Otoimmün Ensefalitte Yer Alan Yeni Patojenik Antikorları Tespit Etmek ve İncelemek için Hipokampal Nöronal Kültürler

Bu protokol önemlidir, çünkü bir hasta örneğinin patojenik antikorlar içerip içermediğini belirlememize izin verdi. Bu tekniğin temel avantajı, diğer yöntemlerle kolayca ayırt edilemeyen yüzey ve hücre içi antijenler arasındaki reaktiviteyi ayırt etme yeteneğinde yatmaktadır. Kültürel hipokampal nöronlar yeni antikorları tanımlamak için kullanılır.

Bu yeni antikorların tanımlanması sonunda hasta sonuçlarını iyileştirmek için monoterapilerde spesifik bir şeyin başlatılmasına izin verir. Bu teknik önemlidir, çünkü nöronal yüzey proteinlerine yönlendirilen patojenik antikorlarla ilgili hastalıkların tüm alanına genişletilebilir. Embriyo kafasını ince kavisli forsepslerle tutarak, yörüngeleri 45 derecelik bir açıyla bir çift ince düz forseps ile delin.
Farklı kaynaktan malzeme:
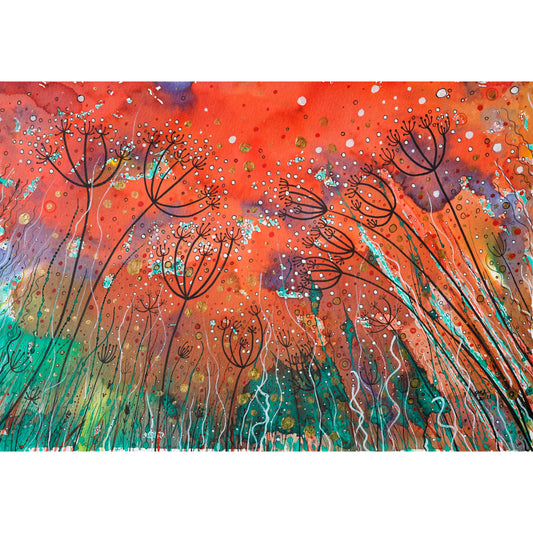 Oranges and reds, vivid and bright, Drench the artwork in pure delight.

Ardından ince kavisli forsepsleri serbest bırakın. Ameliyat makası yardımıyla oksipital kemikten başlayarak frontal kemiğe kadar cildi ve kafatasını diseke edin. Daha sonra beyni bir çift ince kavisli forseps ile çıkarın ve kış uykusuna yatma artı B27 ile altı santimetrelik bir tabakta toplayın.

Tüm embriyoların beyinleri kurtarıldıktan sonra, telensefalonları sagital olarak ayırmak için ince düz forseps kullanın. Daha sonra, bir daire içinde bir santimetre mesafeye hazırda bekletme ve B27 damlaları yerleştirerek 10 santimetrelik bir tabak hazırlayın ve diseksiyon kapsamını 1.25 X büyütmede görselleştirmek için damla başına bir telensefalon yerleştirin. Mikroskop altında çalışırken, talamusu dikkatlice çıkarın ve hipokampüsü daha iyi görselleştirmek için meninksleri soyun.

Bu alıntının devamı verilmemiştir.